The cost of inserting each recorded prefetch technique may be
estimated by, for example, empirical experiment on the target
architecture or can be based on the cost for using the resources
required by the method. The difference, or ratio, between the
estimated benefit and cost can then be determined and, e.g.,
compared with a threshold or margin to determine whether to select
the recorded prefetch technique for insertion. The threshold could
for example be set to a value such that the estimated benefit is
larger than the estimated cost. It could also be adjusted to favor
a more or less aggressive prefetch policy.
Inserting Selected Pending Prefetch Methods into Baseline
Application (312)
[0107] Once the prefetch methods are identified and, optionally,
filtered for selection, the method of FIG. 3 proceeds on to insert
the pending prefetch methods and instructions into the baseline
application. The techniques described in this embodiment show one
way to perform such instruction insertion, e.g., a technique for
rewriting a pseudo-assembler to insert prefetch instructions.
However, those skilled in the art will realize that such insertions
could be performed in many different ways, including but not
limited to, a change at the source-code level, incorporating the
optimization inside a compiler, performing an extra compilation,
performing the optimization on some level of representation of the
program including but not limited to some intermediate-level
representation, assembler-level representation or on the binary
itself. It would also be possible to perform the optimization at
runtime, including but not limited to, changing the binary
representation of the program, incorporating the optimizations in a
managed-code environment or performing the optimization in a
virtual machine environment.
[0108] Modifying the binary code associated with the baseline
application 102, hereafter referred to as a rewriting, without
enough information from the compiler could be a hazardous task.
Inserting one new instruction will displace some other
instruction's addresses.
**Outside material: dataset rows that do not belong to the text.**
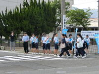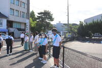 夏休み前最終登校日の本日、生徒会のメンバーがPTAの方々と協力して校門前であいさつ運動を行いました。生徒会のメンバーが大きな声で挨拶をすると、多くの生徒から元気な声と素敵な笑顔が返ってきました。
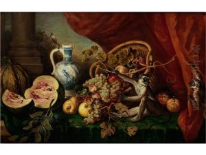 Fruits Dans Un Plat En Delft, Perroquet Et Ecureuil Sur Un Entablement; Et Un Panier De Fruits, Tortue Et Cochon D'inde
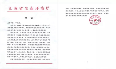 省生態(tài)環(huán)境廳向無錫市委、市政府發(fā)來賀信,
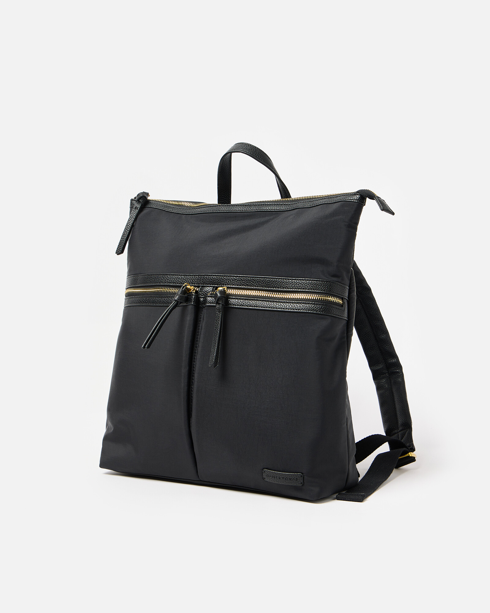 Black rucksack with three exterior zipped pockets, internal laptop slot and carry handle. Designed with a contrasting fabric and PU finish.
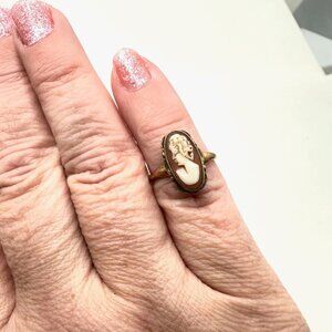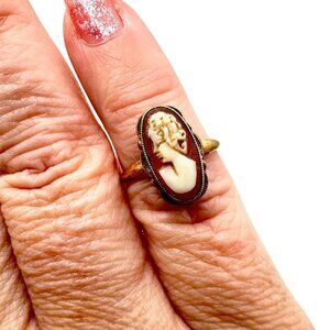 A Vintage Women's 10K Rose Gold Shell Cameo Ring, size 5.5, weight 1.9 grams, from the Estate. A charming piece of timeless style, perfect for adding a touch of classic elegance to any outfit.

Without information about the jump labels
it is hard to determine if such a displacement can be done
correctly, since some branch instruction may assume that an
instruction resides in a specific address.
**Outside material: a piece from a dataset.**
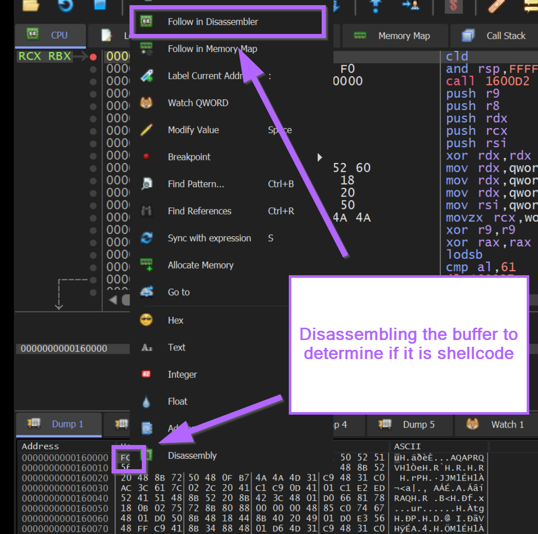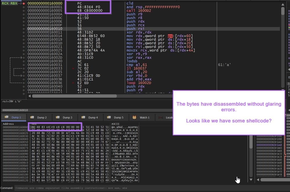 现在我们有了一个合理的假设,即缓冲区包含shellcode,我们可以继续尝试使用X64dbg对其进行反汇编。如果我们反汇编代码并且没有明显的错误,那么很有可能正在查看shellcode。

[0109] One possible work-around is to add a branch trampoline,
where one instruction is replaced by a branch to a completely new
location, such that this new location contains the replaced
instruction and in addition also the new instructions required for
the optimization and that the instruction at this new location ends
with a branch instruction that jumps back to the instruction
immediately following the replaced instruction's original place in
the code. However, such a scheme could introduce unnecessary
overhead caused by many new branch instructions. Also, it requires
that the replaced instruction is of the same length, or longer
than, the branch instruction replacing it.
[0110] A more efficient and safe way to do this is to perform the
rewriting for a set of instructions that are known to often be
executed in a sequence. Such a sequence of instructions is referred
to herein as the original trace. Such an original trace may contain
loops. According to an embodiment, rewriting based on original
trace can be performed as in the flow chart of FIG. 8.
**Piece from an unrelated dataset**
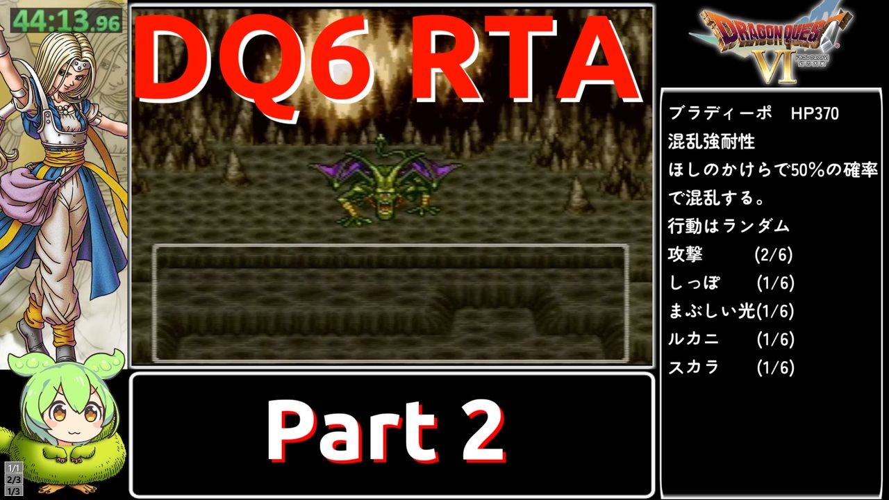 SFC版 DQ6 最速でクリアするぞい。<br>状況再現使います。<br>月2本投稿目標ギリギリ間に合ったな(白目)<br><br>前:<a href="https://www.nicovideo.jp/watch/sm43227218" class="watch">sm43227218</a><br>次:<a href="https://www.nicovideo.jp/watch/sm43485680" class="watch">sm43485680</a><br><br>YouTube版:<a href="https://www.youtube.com/watch?v=HeduGP2MTrA" target="_blank" rel="noopener nofollow">https://www.youtube.com/watch?v=HeduGP2MTrA</a><br>配信アーカイブ:<a href="https://youtube.com/live/Vmky3DXMi7g" target="_blank" rel="noopener nofollow">https://youtube.com/live/Vmky3DXMi7g</a><br><br>チャートはこちら<a href="https://eiki-rta-tas.blogspot.com/2024/01/sfcdq6rta.html" target="_blank" rel="noopener nofollow">https://eiki-rta-tas.blogspot.com/2024/01/sfcdq6rta.html</a><br><br>【TAS】DQ6ダークドレアム撃破END: <a href="https://www.nicovideo.jp/series/350095" target="_blank" rel="noopener nofollow">https://www.nicovideo.jp/series/350095</a><br>Twitter のフォローお願いします!<br><a href="https://twitter.com/eikyudai" target="_blank" rel="noopener nofollow">https://twitter.com/eikyudai</a><br><br>VOICEVOX:ずんだもん<br>ネタバレあり<br>この動画で利用している株式会社スクウェア・エニックスを代表とする共同著作者が権利を所有する著作物及びスギヤマ工房有限会社が権利を所有する楽曲の転載・配布は禁止いたします。<br>© 1995 ARMOR PROJECT/BIRD STUDIO/HEART BEAT/SQUARE ENIX All Rights Reserved.<br>© SUGIYAMA KOBO

[0111] Therein, at step 800, an original trace of instructions is
identified. This step can be performed, for example, by identifying
a frequently recorded microtrace. A new copy of the original trace
of instruction is created in a new location at step 802. This new
trace of instructions is referred to as the new trace. Initially,
the new trace is modified, at step 804, to make all of its branches
that used to branch to destination instructions in the original
trace instead branch to the corresponding destination instructions
of the new trace. This modification is then further refined to
account for different types of branches in step 808.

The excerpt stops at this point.